First, this is debt re-structuring, which is not the same as a write-off. Cengage CEO Michael Hansen: “After we come out of this, we feel we’ll be in a very good position, with a very sound balance sheet, and a lot of room to continue to invest in the business.” Secondly, the petition only applies to US parts of the business anyway. For Cengage operations in EMEA, it’s business as usual. As Hansen says in his open letter to customers, Cengage “maintains substantial cash balances and expects to have positive cash flow, and offices and facilities around the world are serving customers and business partners as usual. (Customers) will continue receiving uninterrupted services, product orders delivered in full and as scheduled, and attentive customer care and support”.
According to senior management, one reason for the current budget imbalance is that too much investment was directed to print at the expense of digital. Under new management, Cengage is focused “squarely on digital” and faculty and student users. Last year, according to publicly-available figures, print accounted for over 80% of the Cengage product mix; by 2018, this will have shifted closer to 50/50. This is going to mean more new investment, wisely spent – and a new raft of innovative digital product across all business segments, including ELT. For the full story and covering documentation go here.
This post originally appeared on woodstockpublishing.co.uk.
2 thoughts on “Cengage – that bankruptcy file”
I have been banging on about this for years. I don’t understand why companies don’t move with the times. Isn’t it basic sense?
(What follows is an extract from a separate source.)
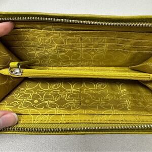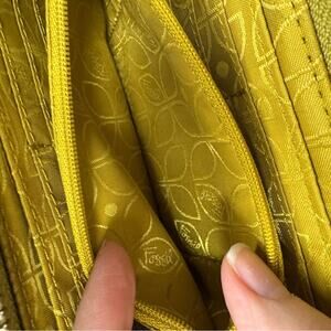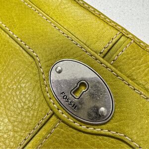 Fossil Green Leather Marlow Maddox Zip Clutch Wallet Boho Classic
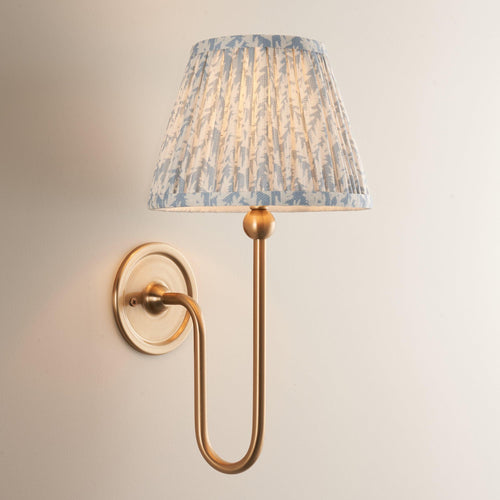 Santiago Long Line Brass Wall Light With 20cm Blue Leaf Shade

Very interesting and precise summary Byron. Let’s hope the ELT part of Cengage will operate successfully in the future. As an outsider, I was (theoretically) considering a while ago whether the merger of Cengage with the National Geographic was a wise decision. However the NatGeo video and image stock truly added some extra value to the coursebooks, it might have significantly influenced (deteriorated) the ROI structure of any new project. To put it in another way: if I invite some friends to a party, no matter how much I love them, I would not bake Swarowski crystals into the surprise cake.